Historical population
| Census | Pop. | Note | %± |
| 1880 | 366 |  | — |
| 1890 | 485 |  | 32.5% |
| 1900 | 605 |  | 24.7% |
| 1910 | 863 |  | 42.6% |
| 1920 | 962 |  | 11.5% |
| 1930 | 1,129 |  | 17.4% |
| 1940 | 1,381 |  | 22.3% |
| 1950 | 1,194 |  | −13.5% |
| 1960 | 1,190 |  | −0.3% |
| 1970 | 1,034 |  | −13.1% |
| 1980 | 925 |  | −10.5% |
| 1990 | 976 |  | 5.5% |
| 2000 | 1,871 |  | 91.7% |
| 2010 | 2,205 |  | 17.9% |
| 2020 | 2,775 |  | 25.9% |
U.S. Decennial Census

===2020 census===
As of the 2020 census, Carthage had a population of 2,775. The median age was 38.8 years. 26.2% of residents were under the age of 18 and 20.7% of residents were 65 years of age or older. For every 100 females there were 83.7 males, and for every 100 females age 18 and over there were 82.4 males age 18 and over.

0.0% of residents lived in urban areas, while 100.0% lived in rural areas.

There were 1,021 households in Carthage, of which 37.7% had children under the age of 18 living in them. Of all households, 47.5% were married-couple households, 16.6% were households with a male householder and no spouse or partner present, and 32.1% were households with a female householder and no spouse or partner present. About 28.9% of all households were made up of individuals and 14.9% had someone living alone who was 65 years of age or older.

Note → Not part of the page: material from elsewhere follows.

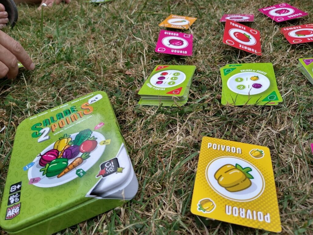 Happy Bee (2023) : Heureuse surprise malgré une apparence peu engageante avec une DA minimaliste. C’est un jeu de majorité dans lequel il faudra miser face cachée devant soi pour remporter des cartes de l’offre, tout en évitant une égalité avec ses adversaires. Exercice cérébral intéressant. On se prend vite au jeu, même si on peut facilement perdre le fil lorsqu’il faut passer une partie de ses cartes au voisin. Feeling positif de mon côté. | Incognito (2021) : Cacher un objet dans une scène (la jungle, une mine…), quelle belle idée. Le gros travail effectué pour fournir des exemples d’éléments de décor est parfait, car il faut charger un peu son paysage pour noyer le poisson. La phase de résolution « à la Dixit » se montre malheureusement décevante. Et le principal écueil du genre n’est pas gommé : il est nécessaire de savoir dessiner un peu correctement. [Small is beautiful] | |

There were 1,216 housing units, of which 16.0% were vacant. The homeowner vacancy rate was 0.8% and the rental vacancy rate was 7.6%.

Carthage racial composition
| Race | Number | Percentage |
|---|---|---|
| White (non-Hispanic) | 1,897 | 68.36% |
| Black or African American (non-Hispanic) | 415 | 14.95% |
| Native American | 31 | 1.12% |
| Asian | 10 | 0.36% |
| Pacific Islander | 1 | 0.04% |
| Other/Mixed | 158 | 5.69% |
| Hispanic or Latino | 263 | 9.48% |

===Demographic estimates===
Carthage is currently growing at a rate of 1.58% annually and its population has increased by 19.50% since the most recent census, which recorded a population of 2,205 in 2010. Spanning over 7 miles, Carthage has a population density of 397 people per square mile.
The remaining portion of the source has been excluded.